My first Nine Inch Nails album was The Fragile. This double album, seething with metallic angst, paired well with my high doses of Rage Against the Machine and Tool in high school. At the peak of my fandom, I even saw NIN with my dad at Lollapalooza (skipping Kanye on the other side of the park). That light show though…
I forgot Trent and his other projects during college and instead bathed myself in a wave of too-cool tunes. During my last semester I took a class on film music. It was the first time the course had been offered so the students shaped it quite a bit. For one project, we picked a lesser-known film composer to research. Trying my best to appear slightly irreverent, I chose Reznor who had just scored two of David Fincher films.
In a recent roundtable with the Hollywood Reporter, Reznor describes taking the bulk of his artistic cues from sound design and a sense of place. He’s an unlikely rockstar who’s equally at home in the experimental and headbanger’s ball realms. The marathon instrumental Ghosts I-IV and albums like The Fragile tow this line. Fincher clearly admired Reznor’s aesthetic when he used NIN’s nihilistic anthem “Closer” in the opening credits for Se7en.
Years later, when Fincher asked him to score the founding of Facebook, Reznor says he was excited but skeptical of his abilities. In the end, the incessant bleeps nailed the Zuckerberg juggernaut at work and earned Reznor and his partner Atticus Ross an Oscar. Next they collaborated on Fincher’s adaptation of The Girl with the Dragon Tattoo. If The Social Network is machines working in consonance, Dragon Tattoo is technology disintegrating–prepared piano in duet with nails on a chalkboard.
Gone Girl continues in this dark and noble tradition. The sounds and visuals share an affinity with American Beauty and the notion that unimaginable acts lurk just below our pastoral lifestyles.
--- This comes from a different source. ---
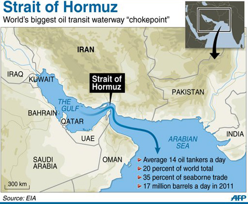 Eo biển Hormuz là tuyến đưá»ng váºn chuyển dầu quan trá»ng cá»§a thế giá»›i (Ảnh: AFP)

The score rumbles at the lazy pace of Ozark speech, where much of the film takes place. However, Gone Girl is also about perspective, in our personal lives and in the media. It’s all relative, we learn, and the sounds are Jekyll and Hyde.
Reznor and Ross have crafted a serious contender this year, though Hans Zimmer’s organ bombast in Interstellar is also striking (sadly Antonio Sanchez’s all-percussion score for Birdman didn’t qualify). While we wait for a winner, watch this crucial sound cue from The Social Network.
UPDATE: Alexandre Desplat won the Oscar for The Grand Budapest Hotel, a good score but not his best work IMO.